Only three studies focused on mediating (n = 1) or moderating variables (n = 2) that might explain or qualify the associations between rape acknowledgment and psychological distress or PTSD symptoms. Bernstein and Newins (2022) tested a mediation model to examine whether social reactions explained the association between rape acknowledgment and mental health outcomes among undergraduate women who disclosed their nonconsensual sexual experience to at least one person. Their analyses revealed that acknowledged victims reported more turning against responses (e.g., stigmatization, infantilization, and blaming) and more positive social responses (e.g., emotional support and tangible aid) than unacknowledged victims. Both types of responses were associated with higher levels of PTSD symptoms, although no significant indirect effects emerged for anxiety and depression. The authors hypothesized that acknowledged victims may experience more severe assaults, leading to greater disclosure, and both more positive and negative responses from disclosure recipients. Their findings thus underscore the potential role of stigmatizing responses and rape characteristics in shaping the association between rape acknowledgment and PTSD symptoms.
Wilson et al. (2017, 2018) explored how sexism and rape myth acceptance may moderate the associations between rape acknowledgment and mental health outcomes. In their 2017 study, they found that benevolent sexism (i.e., inclination to offer protection and affection toward women in traditional and restricted roles), but not hostile sexism (i.e., blatant animosity toward women), moderated these associations. Specifically, acknowledged victims with low levels of benevolent sexism reported the highest levels of depressive and PTSD symptoms, followed by acknowledged and unacknowledged victims with high levels of benevolent sexism, and unacknowledged victims with low levels of benevolent sexism. Thus, acknowledgment was associated with greater distress only when benevolent sexism was low. The authors postulated that women who reject notions of inferiority to men, including stereotypes of fragility or dependence, may experience heightened self-blame following rape, thus intensifying depression and PTSD symptoms. In their 2018 study, they found that, although overall acceptance of rape myths did not significantly moderate the association between rape acknowledgment and depressive symptoms, a significant interaction emerged for the “she wanted it” rape myth (PTSD was not included in this study). Among those who more strongly accepted this specific myth, acknowledged victims reported more depression than unacknowledged victims. Importantly, among seven different rape myths tested, only this one moderated the association between acknowledgment and depression, suggesting limited support for the moderating role of rape myths. Taken together, these two studies suggest that the associations between rape acknowledgment and mental health outcomes may depend somewhat on the meaning attributed to the experience, particularly in terms of self-blame.
Discussion
Acknowledging a nonconsensual experience as rape can serve as a significant turning point for victims to begin their healing process, notably by helping them gain deeper insight into the impact of the assault, reframe their perceived role in it, process distressing memories, and reclaim a sense of hope and agency (Draucker et al., 2009; Sinko et al., 2022). Yet, quantitative studies examining the associations between rape acknowledgment and mental health outcomes have yielded mixed findings. We aimed to gain a clearer understanding of these discrepancies by critically evaluating the existing literature on the associations between rape acknowledgment and psychological distress and PTSD symptoms.

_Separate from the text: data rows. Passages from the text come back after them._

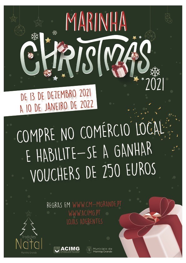 A Câmara Municipal da Marinha Grande e a ACIMG - Associação Comercial e Industrial da Marinha Grande vão realizar a campanha “Marinha Christmas 2021”, entre 13 de dezembro e 10 de janeiro de 2022, para incentivar e dinamizar o comércio local, no âmbito do programa de animação “Tradições de Natal 2021”.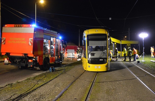 FW-MH: Entgleiste Straßenbahn sorgt für aufwendigen Feuerwehreinsatz
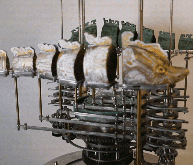 他用机械装置融合传统的太极文化,一阴一阳两尾鱼循环不止,代表过去与未来的循环反复,互为因果。
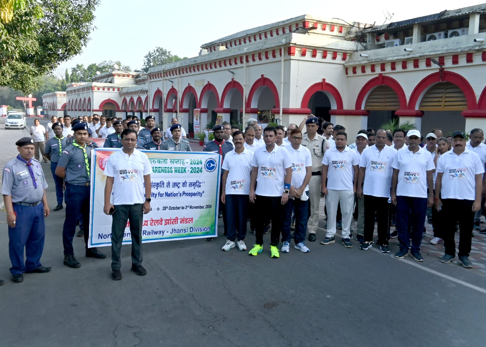 इसी क्रम में आज दिनांक 29.10.2024 को मंडल रेल प्रबंधक दीपक कुमार सिन्हा की अध्यक्षता में “रन फॉर यूनिटी” कार्यक्रम के तहत मंडल रेल प्रबंधक कार्यालय, झाँसी से सीनियर रेल संस्थान तक दौड़ का आयोजन किया गया I जिसमें अपर मंडल रेल प्रबंधक आर डी मौर्या, वरिष्ठ मंडल अभियंता (समन्वय ) आशुतोष चौरसिया, वरिष्ठ मंडल वाणिज्य प्रबंधक अमन वर्मा, वरिष्ठ मंडल परिचालन प्रबंधक अखिल शुक्ल, वरिष्ठ मंडल कार्मिक अधिकारी ब्रिजेश चतुर्वेदी, वरिष्ठ मंडल सुरक्षा आयुक्त विवेकानंद नारायण सहित अन्य सभी शाखाधिकारी उपस्थित रहे I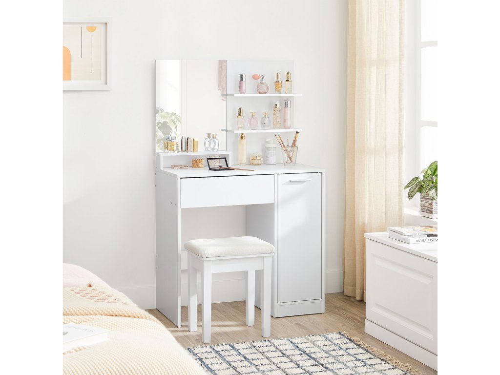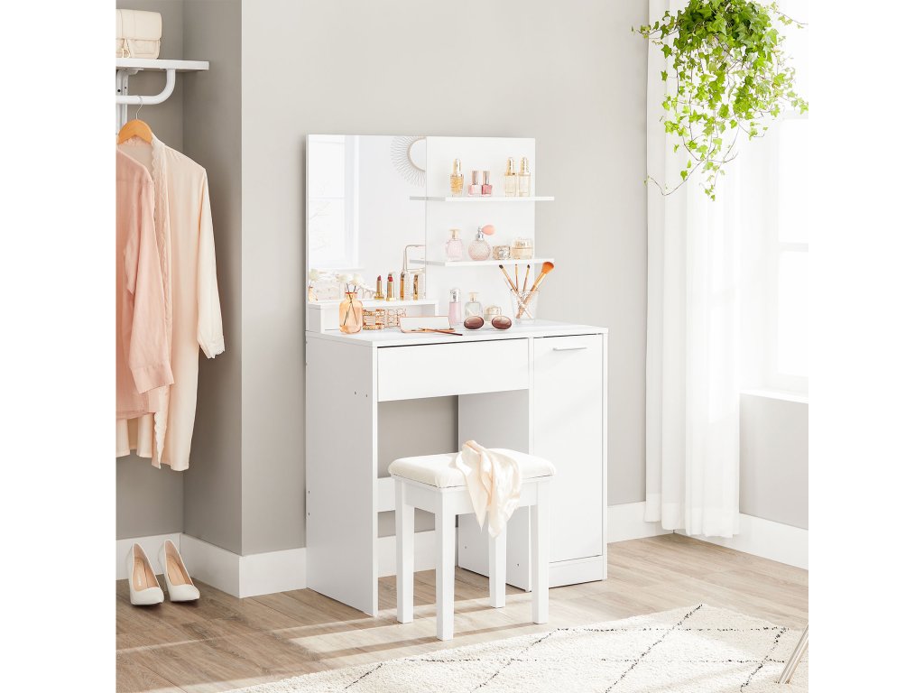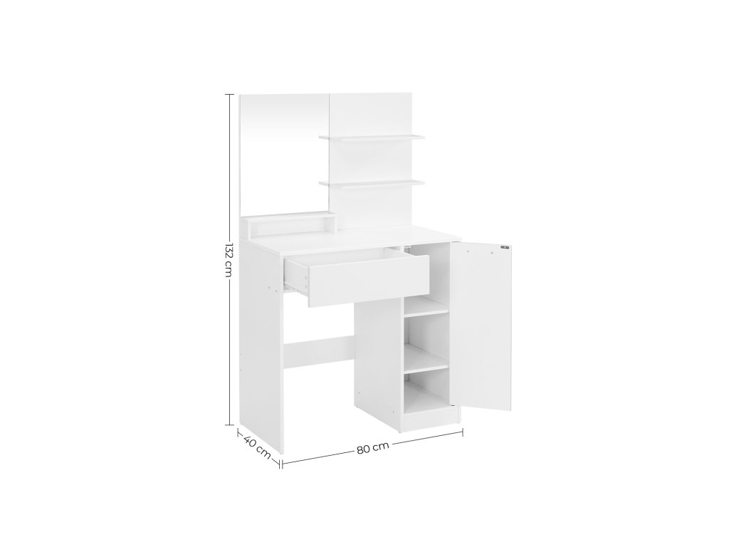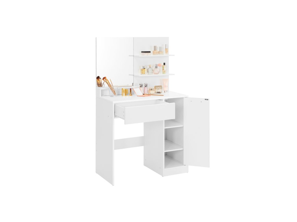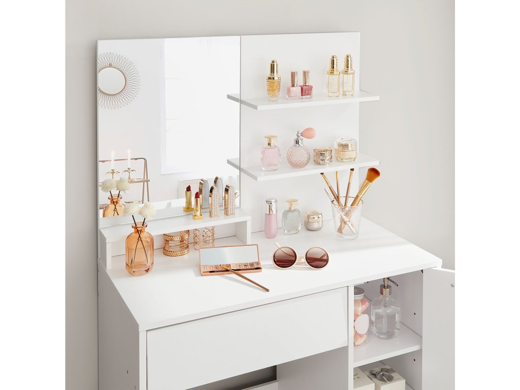 Toaletní stolek, kosmetický stolek, toaletní stolek se zrcadlem, 1 zásuvka, 2 police, úložná skříňka, organizér na make-up, bílý.
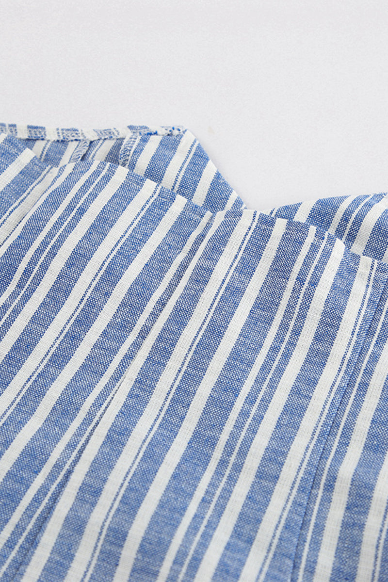 Conjunto elegante de dos piezas con cuello en V, sin mangas y rayas en contraste

Although rape acknowledgment is often viewed by practitioners as inherently beneficial to recovery, the findings from this review challenge this widespread assumption. Indeed, most studies found that acknowledged victims reported equivalent or higher levels of psychological distress and higher PTSD symptoms compared to unacknowledged victims. However, interpreting these findings as evidence that acknowledgment is harmful or that unacknowledged victims do not experience substantial distress would be both reductive and misleading. In fact, our review also revealed that unacknowledged victims generally reported higher levels of psychological distress than individuals who have not experienced rape, with some evidence suggesting that approximately 60% of them experience depressive or PTSD symptoms likely meeting diagnostic criteria (Littleton & Henderson, 2009; Littleton et al., 2018). Taken together, these findings suggest that rape acknowledgment may be distressing, healing, or both, depending on the individual and the circumstances under which it occurs. This points to a more important question: For whom, in what contexts, and through what mechanisms does rape acknowledgment relate to mental health outcomes? Unfortunately, the existing research does not yet provide clear answers to those questions, though some broad patterns are beginning to emerge. Indeed, there is some evidence suggesting that the associations between rape acknowledgment and mental health outcomes may be more accurately attributed to the characteristics of the assault itself and the meaning attached to it than the label used to describe it. These patterns are discussed below (see Table 2 for a summary of critical findings).
Critical Findings.
Note. PTSD = post-traumatic stress disorder.
Many of the reviewed studies conducted analyses comparing unacknowledged and acknowledged victims on rape characteristics and found that stereotypical rape characteristics (i.e., higher degree of perpetrator-inflicted force, physical injury, and victim resistance) were associated with increased likelihood of acknowledgment (e.g., Cleere & Lynn, 2013; Donde et al., 2018; H. Littleton et al., 2018; Lipinski et al., 2021) and with higher levels of psychological distress and PTSD symptoms (Bhuptani et al., 2021; McConnell et al., 2020). These results mirror those of a metasynthesis of qualitative studies, which found that women are less likely to label an experience as rape when it does not match with their preconceived notions of what constitutes rape (Rousseau et al., 2020). A major limitation of the current literature is that relatively few studies included these variables as covariates in multivariate analyses. Among those that did, findings often showed that the associations between acknowledgment and mental health outcomes diminished or disappeared once assault characteristics were included (Bhuptani & Messman, 2021; Boyle & Clay-Warner, 2018; H. Littleton & Henderson, 2009; Harned, 2004). This suggests that, it may not be acknowledgment per se that predicts psychological distress and PTSD symptoms, but rather the characteristics of the assault itself.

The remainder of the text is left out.